▶ _Exercise_: Transcribe only the part of the material below that begins at the line containing "- Beef Rib-Eye" and ends at the line containing "Um dos destaques", with both kept and images left out.

▶ _Records provided_:
>>>

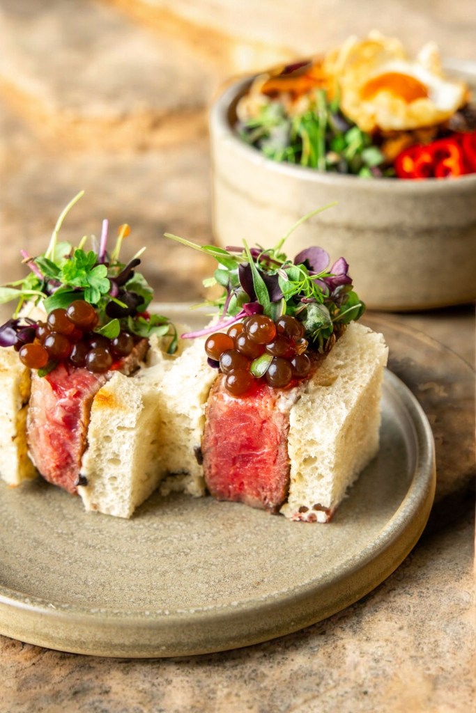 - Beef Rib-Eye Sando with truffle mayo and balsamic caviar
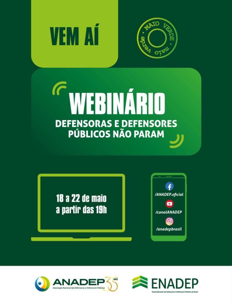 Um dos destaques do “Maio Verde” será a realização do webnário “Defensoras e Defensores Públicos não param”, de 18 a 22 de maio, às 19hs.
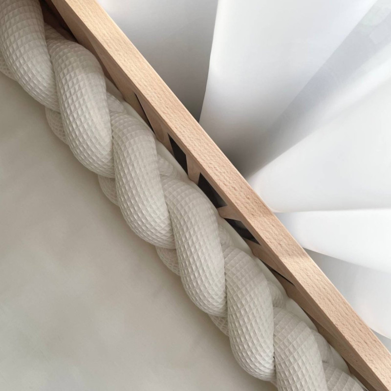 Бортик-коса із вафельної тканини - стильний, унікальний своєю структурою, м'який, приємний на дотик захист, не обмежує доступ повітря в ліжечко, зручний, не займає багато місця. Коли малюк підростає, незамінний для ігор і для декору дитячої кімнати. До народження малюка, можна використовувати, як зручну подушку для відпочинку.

<<<
>>>

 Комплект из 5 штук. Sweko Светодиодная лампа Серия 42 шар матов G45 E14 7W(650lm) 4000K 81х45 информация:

<<<

▶ _Solution_:
 - Beef Rib-Eye Sando with truffle mayo and balsamic caviar
 Um dos destaques do “Maio Verde” será a realização do webnário “Defensoras e Defensores Públicos não param”, de 18 a 22 de maio, às 19hs.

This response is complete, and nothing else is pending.